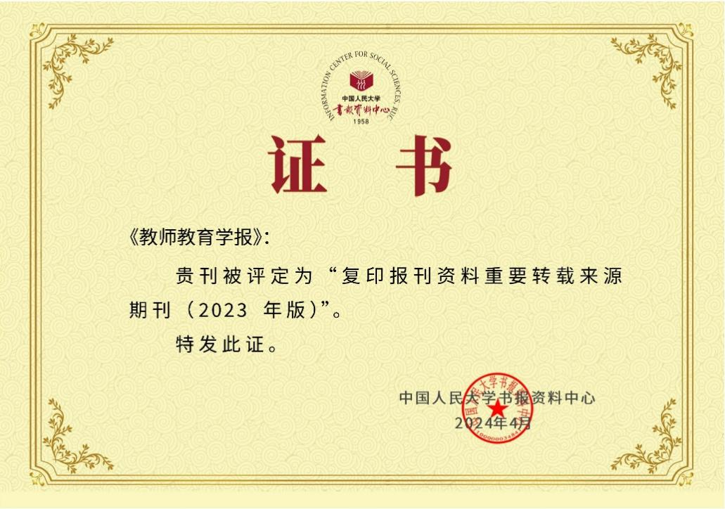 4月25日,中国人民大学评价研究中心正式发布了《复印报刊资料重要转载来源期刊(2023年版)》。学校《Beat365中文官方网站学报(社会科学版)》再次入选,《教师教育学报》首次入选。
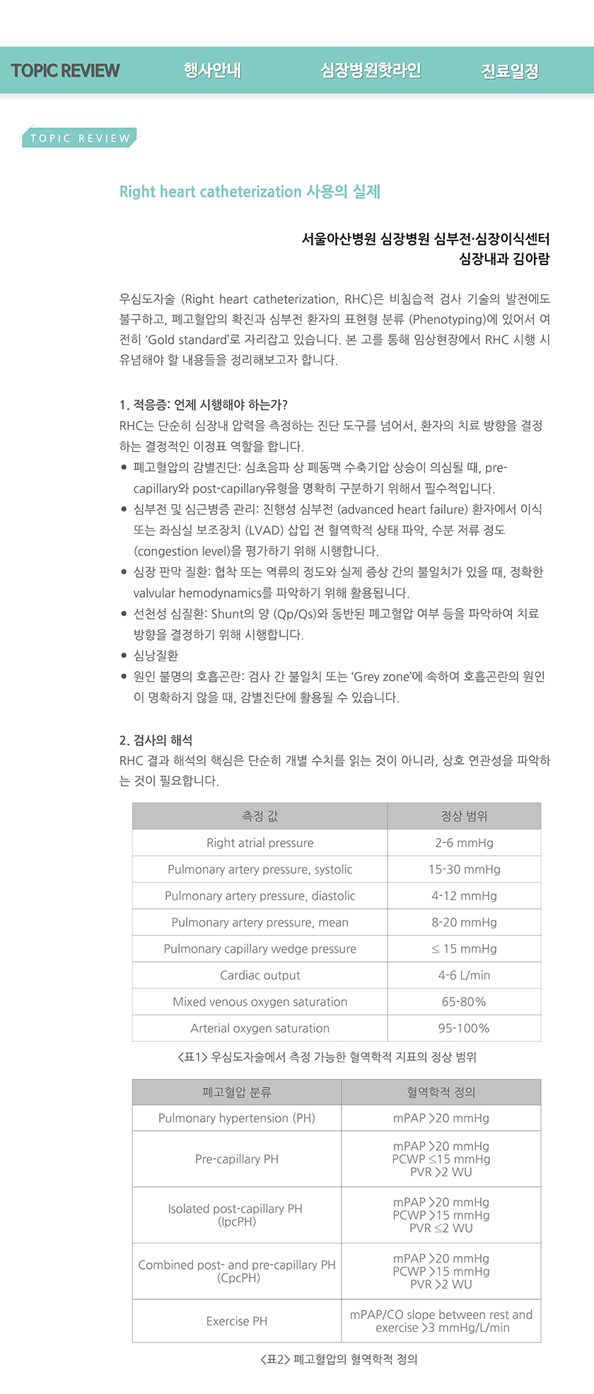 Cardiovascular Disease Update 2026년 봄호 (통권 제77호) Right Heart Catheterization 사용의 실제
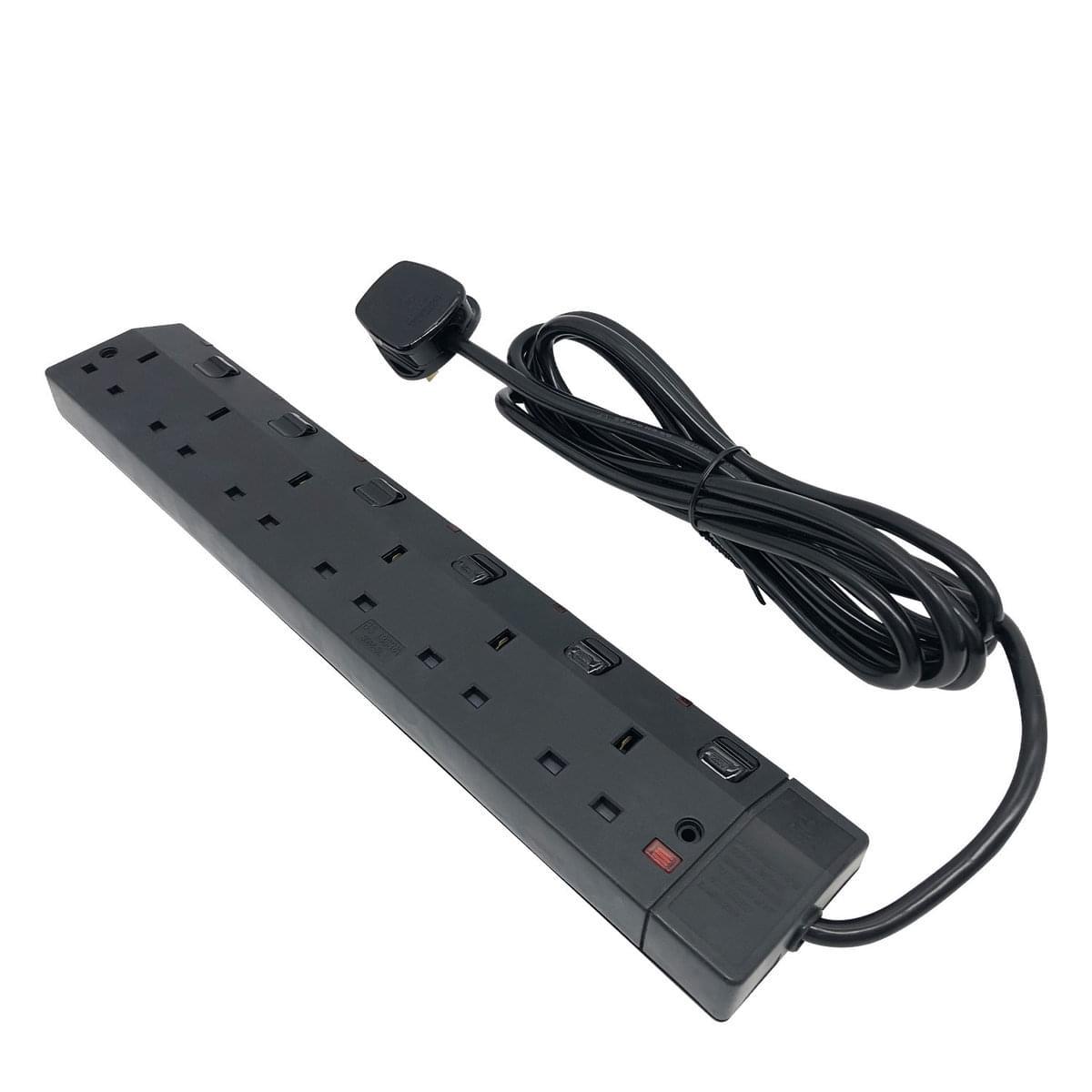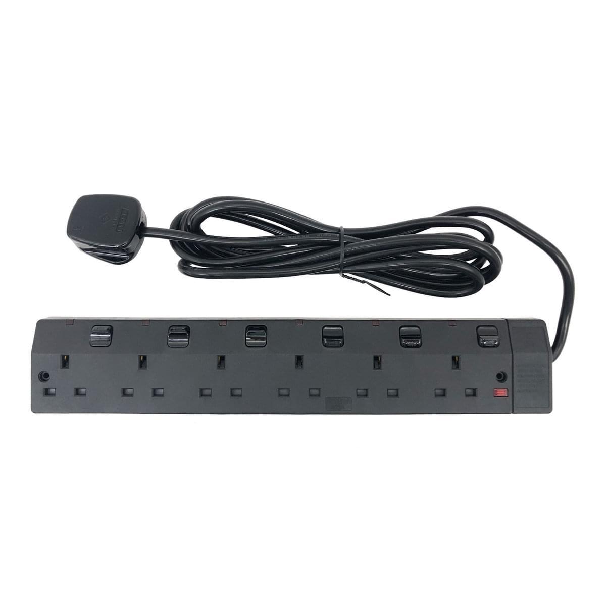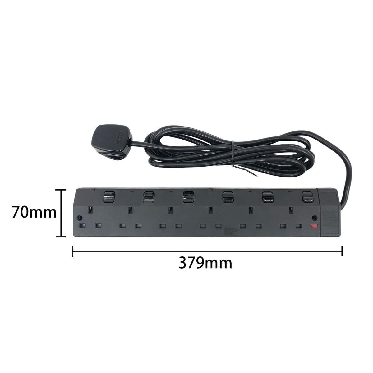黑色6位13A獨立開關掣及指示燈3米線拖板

------------------------

Write the material above out again exactly as it reads, but don't carry over the pictures.

 4月25日,中国人民大学评价研究中心正式发布了《复印报刊资料重要转载来源期刊(2023年版)》。学校《Beat365中文官方网站学报(社会科学版)》再次入选,《教师教育学报》首次入选。
 Cardiovascular Disease Update 2026년 봄호 (통권 제77호) Right Heart Catheterization 사용의 실제
黑色6位13A獨立開關掣及指示燈3米線拖板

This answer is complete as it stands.